Here is his first column, cross-posted with Quora.com, with permission of the author:
It’s a mistake to worry about whether “Lincoln” the movie is historically accurate.
It’s historically inspired and inspiring but by definition any work of art that blends fiction (such as invented dialogue) with fact should never be considered “accurate.”
Spielberg himself acknowledges all this when he describes his movie as a “dream” and as a work of “historical fiction” (see his Dedication Day speech, November 19, 2012 at Gettysburg for a good example).
That doesn’t mean that the movie has no use in the history classroom or for the lifelong history student. “Lincoln” the movie creates an unforgettable historical mood or experience that almost no actual history of the period can match. It truly feels like “writing history with lightning” (Woodrow Wilson on another powerful movie, “Birth of a Nation”).
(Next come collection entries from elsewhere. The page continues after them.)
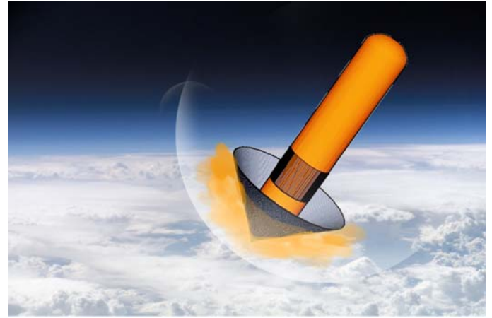
Figure 2: ET with the extended HTHS during re-entry

Soon after the separation, we may orient the ET, in a similar fashion to the space shuttle re-entry. This can be achieved by proper guidance using the technology based on the OMS (Orbital Maneuvering System). As we are having a near vertical fall with nose pointing down, we can have a conical retractable heat shield as shown in Fig. 2.
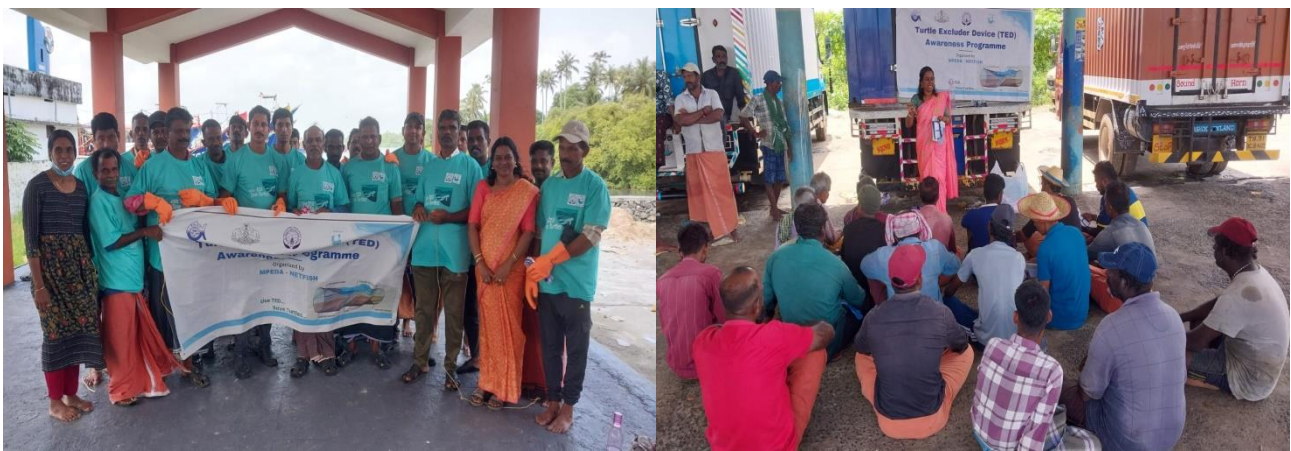
TED Awareness program at Azheekkal Kayamkulam & Thottappally
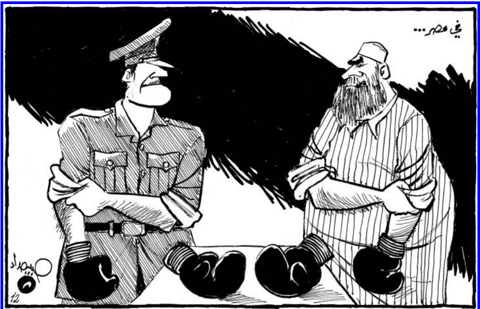
The stand-off between the Islamists and the military in Egypt. (12 July 2012)

Journal of Palestine Studies Vol. XLII, No. 1 (Autumn 2012), pp. 97–98, ISSN: 0377-919X; electronic ISSN: 1533-8614. © 2012 by the Institute for Palestine Studies. All rights reserved. Please direct all requests for permission to photocopy or reproduce article content through the University of California Press's Rights and Permissions website, at http://www.ucpressjournals.com/reprintInfo.asp . DOI: jps.2012.XLII.1.97.
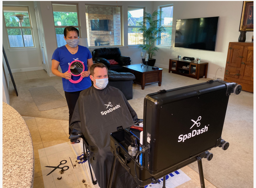
Mobile Haircut Delivery
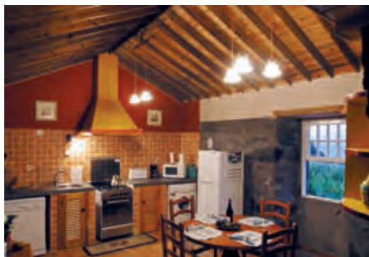
Casa da Vinha
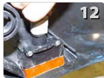
Twist bulb and holder into the new light in the outer fender flare
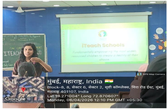
मुंबई, महाराष्ट्र, India Block-8, 8, सेक्टर 6, सेक्टर 2, सृष्टी कॉम्प्लेक्स, मिरा रोड ईस्ट, मुंबई, महाराष्ट्र 401107, India Lat 19.271004° Long 72.870607° Monday, 06/04/2026 12:10 PM GMT +05:30
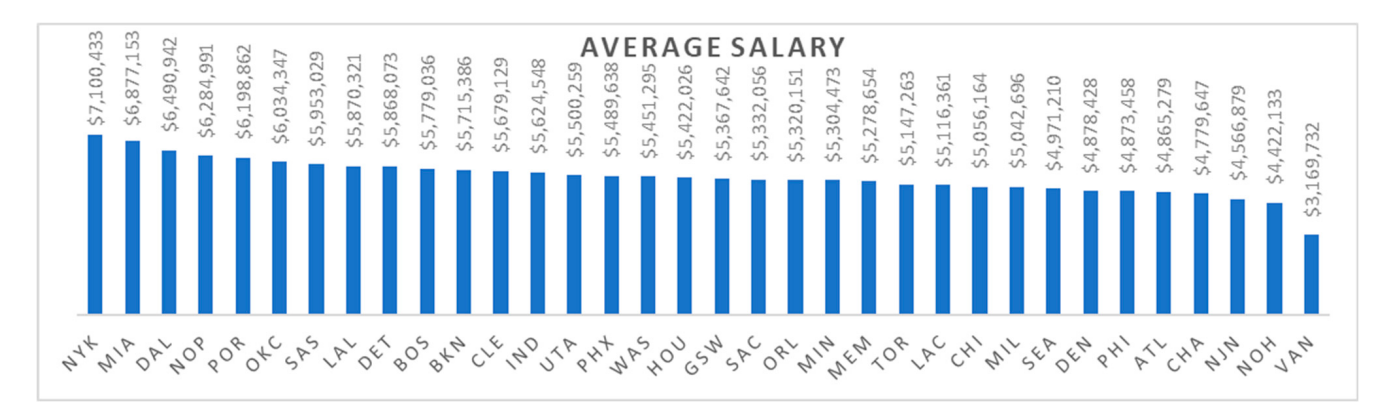
Figure 5. Average NBA player salary per team over 24 seasons (1996–2020).

In addition, this research study aimed to correlate NBA player age with salaries and advanced basketball performance analytics. Figure 5 presents a matrix with the attributes of age, salary and advanced basketball performance analytics contained by PTS, REBS, AST, TRB%, TOV%, USG%, TS%, AST%, STL%, BLK%, NetRtg, PER, WS, WS per_48, BMP or Plus/Minus or +/- and VORP which used, as the most appropriate rating, basketball analytics in the background [1,19,74–76] (RQ2 and RQ3).
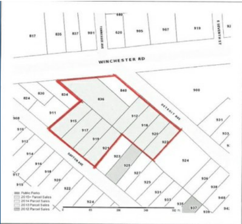
Address and Parcels

For more information visit: http://www.crelisting.net/RV-7zbR9Q/?StepID=107
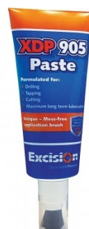
S075 Cutting Tool Lubricant Paste - 200g
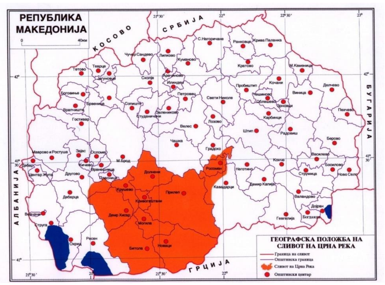
Map 1. Geographical position of the Black River Basin in the Republic of Northern Macedonia
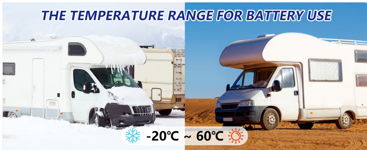
Image 6.1: Illustration of the recommended operating and storage temperature range for the battery, from -20°C to 60°C.
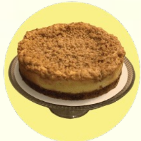
Apple Cinnamon Crunch
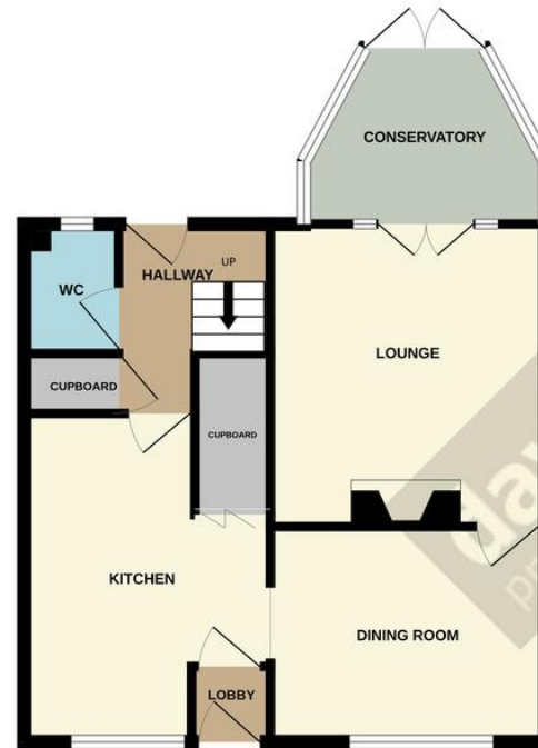
GROUND FLOOR 46.5 sq.m. (501 sq.ft.) approx.
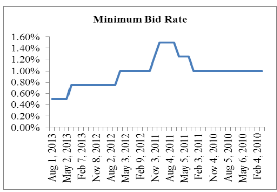
Fig. 1. Trend of minimum bid rate.

charged which is the main source of liquid cash to the banking sector of the region. The rate is considered to have a significant impact causing movement in the financial markets. However, the Minimum Bid rate is also dominated by the ECB press conference held 45 minutes later on the same day. This rate is also announced on the first Thursday of every month, 45 minutes post the announcement of the Official bank rate of GDP. Thus, it is announced monthly on first Thursday at 6.45am for the first 7 months of the financial year starting from April month and at 7.45am for the next 5 months from November month to March [12]. It is observed from the data and the trend depicted below in Fig. 1 that the Minimum Bid Rate has been decreasing since 2011, October. It has initially seen an increase from 2010 to 2011 but after October 2011, it has been constantly decreasing after every few months. The current bid rate is observed to be at 0.5% equals to the Official Bank rate of GBP. The effect of the stock market prices is explained in the below section on the basis of impact of EUR/ USD exchange rate variations.
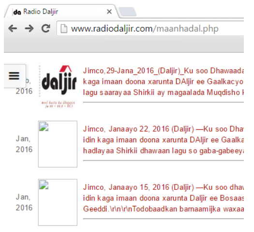
Broken links, poor user experience

During our review of the website's Google Analytics data and other performance reports we found that, because audio programs were playing as MP3 files served directly from the website, they were

But accurate history sticks to the evidence and Spielberg and scriptwriter Tony Kushner don’t. When they want to convey the complicated dynamic of the Lincoln household, they take that responsibility seriously and consult several leading historical studies to create a layered account but at the end of the day they simply invent the most compelling scenes such as a bitter bedroom argument between First Husband and wife or a stunning scene where Abraham Lincoln slaps his oldest son (which, by the way, would NEVER have happened).
They also condense, conflate and simplify the politics behind the passage of the Thirteenth Amendment, which is the focal point of the movie. Just compare the Spielberg/Kushner interpretation to the best academic account of the subject (“Final Freedom” (2001) by Michael Vorenberg) and you realize how many corners the movie has to cut and nuances it has to ignore.
Watching the movie, for example, it’s easy to forget that Lincoln was pushing for approval from a lame duck Congress where his numbers were worse than they would be in the newly elected Congress.
Why would he do that?
The movie also struggles to portray the details of the lobbying effort (relying heavily on invention, imagination and more than a little corny comic relief). Yet this movie probably does better on this difficult subject than any other American film.
So, accurate? No. But excellent anyway? Absolutely. In other words, don’t go to this movie (or any historical movie) to learn the facts. Go to imagine the experience and to enjoy the illusion that a great filmmaker can create.